The following formulation of the theorem due Yamada-Watanabe can be found in "On the Existence of Universal Functional Solutions to Classical SDE'S" (Kallenberg, O., 1996).
Assume that weak existence and pathwise uniqueness hold for solutions starting at arbitrary fixed points. Then strong existence and uniqueness in law hold for every initial distribution. Furthermore, there exists a Borel measurable and universally predictable function F(x,w) such that any solution (X,B) satisfies X=F(X(0),B) a.s.
Since weak solutions (for a given initial distribution μ=δx ) might be defined on different probability spaces, then shouldn't the function F depend on the probability space?

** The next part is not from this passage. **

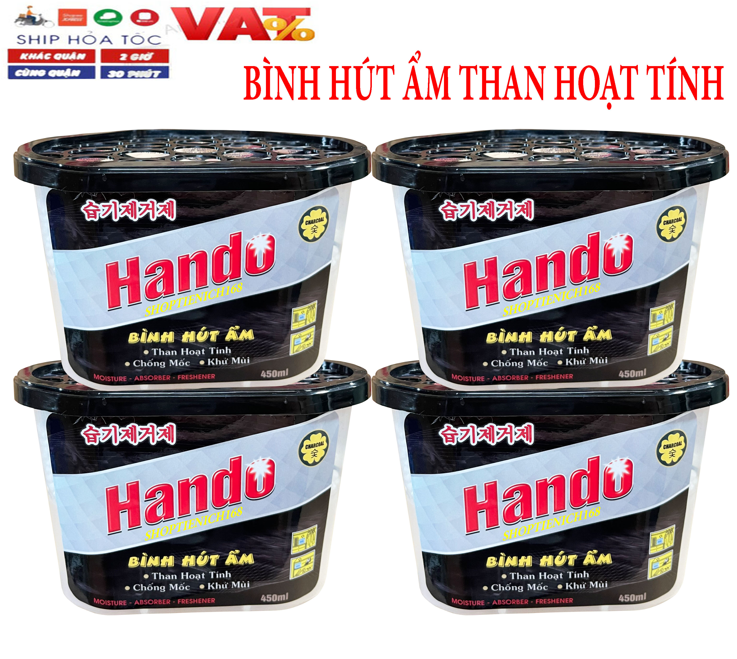 Thông số sản phẩmTên sản phẩm : Bình hút ẩm Hando 450mlHướng dẫn sử dụng    : Mở nắp, lột bỏ lớp giấy bạc, giữ lớp giấy thấm và để nơi mình muốn. Không làm rách lớp giấy thấm, thay bình khác khi mực nước xấp xỉ nửa bình.Hướng dẫn bảo quản : Bảo quản nơi khô ráo, thoáng mát, tránh xa tầm với của trẻ em và không ăn đượcThành phần : Calcium super, fragance pelleet, chất chống ẩm mốc, khử mùi…Công dụng : Hút ẩm, chống mốc, giữ đồ vật khô ráo và khử mùi chua mốc hiệu quảDung tích : 450 (ml)Xuất xứ : Việt Nam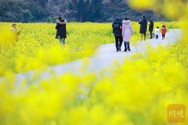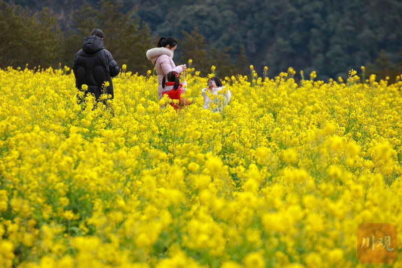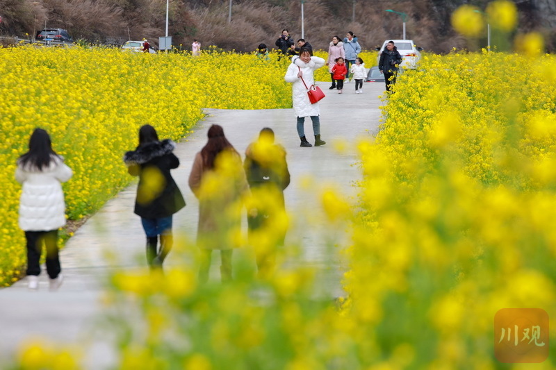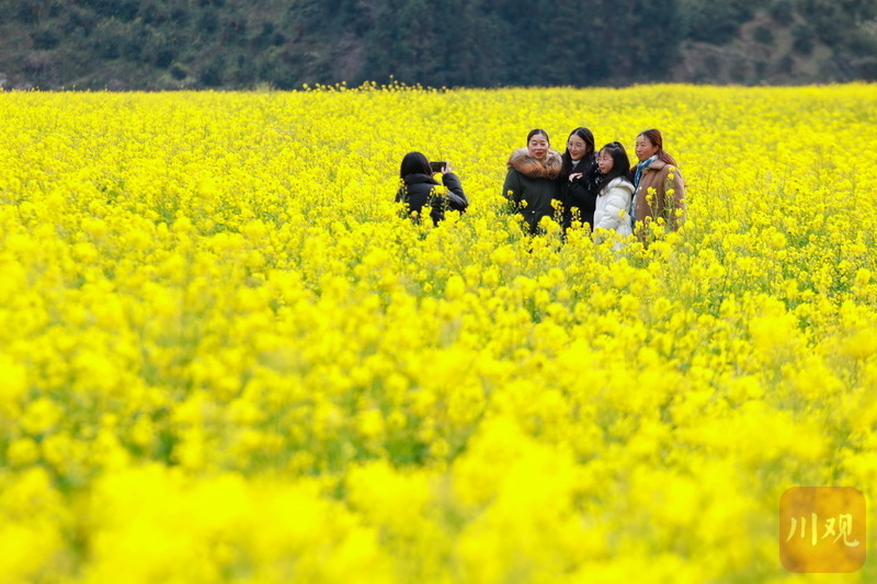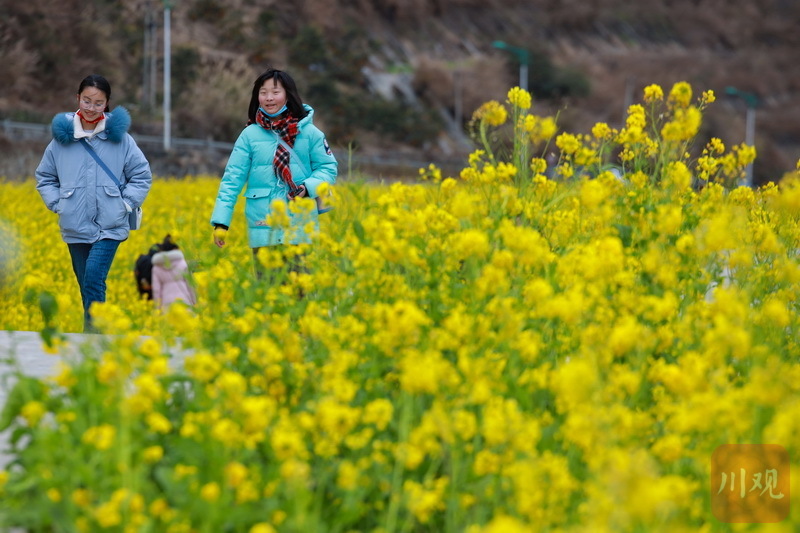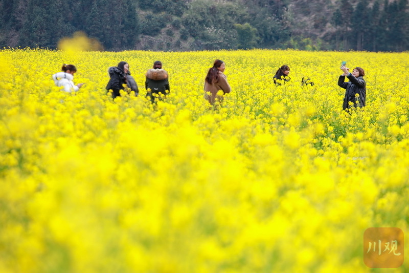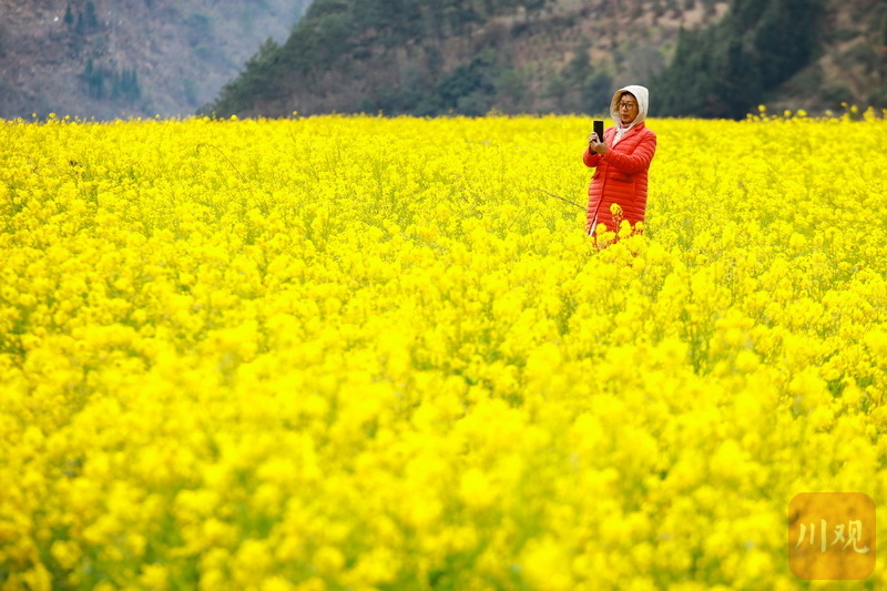 初春时节,雅安石棉县高山上的“银装”未褪,山谷间一簇簇的油菜花已然绽放“上线”。视频和图片为2月12日下午,在石棉县王岗坪乡连片的油菜花田内,金黄的油菜花在习习春风中一波又一波地摇曳,散发出淡淡的清香,过往游客和当地市民纷至沓来,感受春天的气息。

I mean, suppose we have a given initial distribution μ=δx, assume two solutions (X,B) and (X′,B)exist on two different filtered probability spaces (Ω,F,Ft,P) and (Ω′,F′,Ft′,P′) such that X(0) and X′(0) are distributed as μ i.e. X(0)=X′(0)=x∈R^d. (This is not incompatible with the pathwise uniqueness since the solutions are defined in different probability spaces).
Hence the solutions should by the previous theorem be X=F(x,B)=X′ a.s. but this two solutions live in different probability spaces!
Am I missing something?
At this point my question reduces to, given a Brownian motion and an initial value, does this suffice to determine the underlying probability space unambiguously?
Thanks in advance.